07 June 2016

Sinking into the old familiar abyss

Dear diary,

Anyone who drives faster than me is going dangerously fast. Anyone who drives slower than me is going stupidly slow. If you don’t enjoy all of my favorite books and movies, then you have bad taste. If you married someone other than me, you chose the wrong spouse. You should consider having an extramarital affair.

The problem with modern politics is that everyone talks about it in terms of systems that don’t quite fit the world anymore. Maybe these systems never did quite fit the world, even in their own day; but they’re less and less fitting, the more time passes. So it would be better if we stopped thinking about such systems in all-or-nothing fashion, and instead used aspects of each system like ingredients for a savory new dish: add a pinch of capitalism, a dollop of socialism, etc. The backward sin of our current system is that multinational corporations are socializing their losses while privatizing their gains.

The two major parties in these States are the Republicans and the Democrats. Someday soon those names will sound as distant to U.S. citizens as Whigs and Tories sound to the 21st century.

People talk about right and left, about conservatives and liberals, but I think the true divide is between the following two groups: (A) corporations so large that they span over multiple countries; and (B) the people who own no part of those corporations (in other words, everyone else). What I’m saying is this: a far-right conservative from group B will have more in common with even a far-left liberal from group B than he would with a so-called conservative from group A; likewise, the true opponent of a group-B liberal is any group-A member, conservative or liberal, and the group-B conservatives are more allies than enemies of the liberals who belong to group B. Or if you insist that there still is a major difference between right and left, then what I’m trying to point out is the rise of a third direction: group C: beyond right and left; and although I hear people speak of “the establishment,” I don’t think that this C group is exactly that—for the C group does not cherish the status quo: rather it wants the type of change that will bring more, more, more power unto itself… it’s like a country of its own, which is borderless and omnipotent, in the sense that it’s always manipulating the governments of others, via money, war, clout, influence, etc. No country is exempt from the impact of transnational corporations (which I’m calling group C) for the same reason that you cannot win a game against a cheater. The plutocrats are already victorious; they’ve been winning since even before the World Wars; and, as they exist “beyond right and left,” they also remain outside of the reach of all war: the World Wars helped them, to a certain extent, and almost all wars work to their advantage; indeed, everything possible to occur will end up in their favor eventually, because they own X (name it, they own it). One might as well worship them as GOD. They’re good people, though. Let’s hope and pray that someone wealthy loves us, because that’s our only chance for blank in this epoch.

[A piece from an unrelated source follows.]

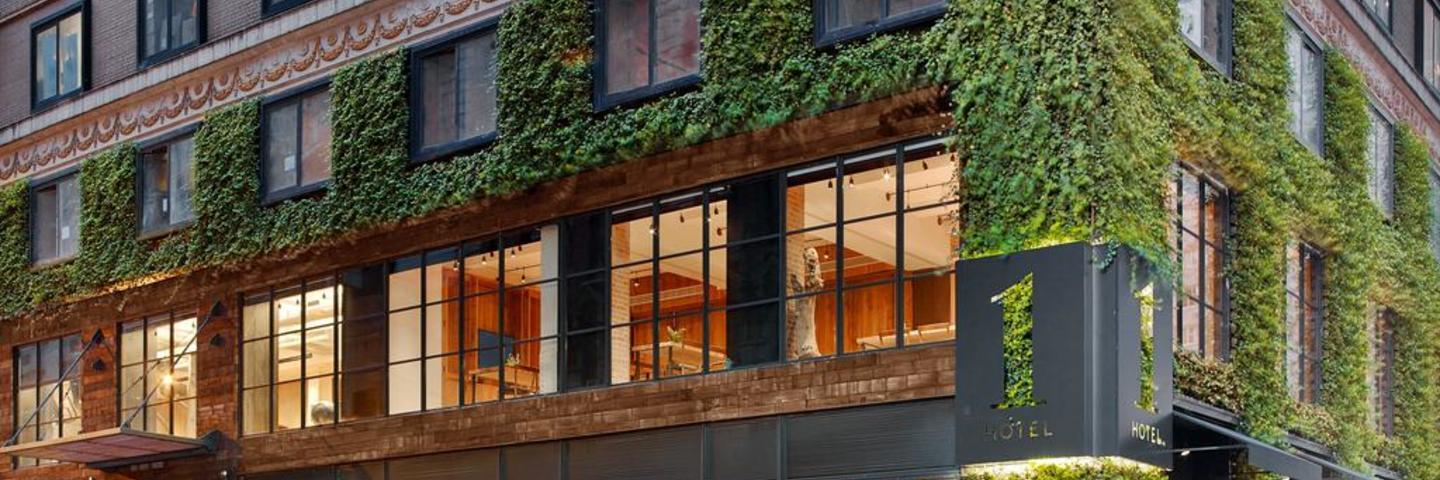 Clear from first glance at its ivy-clad facade, the 1 Hotel marries modern luxury with eco-conscious design and sustainable architecture. Wooden wall panels reclaimed from retired state water towers line the antique brick walls of its tree-filled lobby. Guest rooms all feature Keetsa hemp-blend mattress, 100% organic cotton sheets, live-edge wood desks, and reclaimed barnwood ceilings. Chalk-boards have replaced nightstand notepads, and cardboard coat hangers fill the closet rather than plastic ones.

But why am I talking like this? Have I become a conspiracy theorist? I hate this type of talk. No more. Let’s get beyond politics. Have a barbecue, invite family and friends… listen to live jazz played by competent addicts.

Here’s a quote from Gilda (1946), our favorite film (yours and mine) aside from Wrong Cops (2013)—the odd lines are spoken by Ballin Mundson; and the evens, which I’ve italicized, are Johnny Farrell:

You’re the only one who knows [the safe’s] combination, Johnny. If anything should ever happen to me, there are papers in there: signatures and instructions how to carry on.

Thanks for not letting me down. You’re not just the owner of a gambling joint, eh?

You know what a cartel is, Johnny?

I think so. A trust… a monopoly of some kind, isn’t it?

An international monopoly.

Big business, huh… a monopoly in what?

Tungsten. That doesn’t impress you…?

I don’t know much about it. I mean, I don’t know if it’s worth getting shot at for the pleasure of monopolizing it.

A man who controls a strategic material can control the world, Johnny.

Whoa, now—the world’s a pretty big place.

Made up of stupid little people.

Well, if anybody can do it, I’d lay eight to five you’re the baby who can.

And you’d win. Now let’s go downstairs and have a drink.

P.S.

Remember to vote for MY candidate. (I say this because, in the hour that I write, eight o’clock Tuesday morning the seventh of June 2016 Anno Domini Dada, your home state is having its primary election; and it would mean a lot to me if you’d let my favorite win.) (If you fail to echo my choice, you have ruined the world.)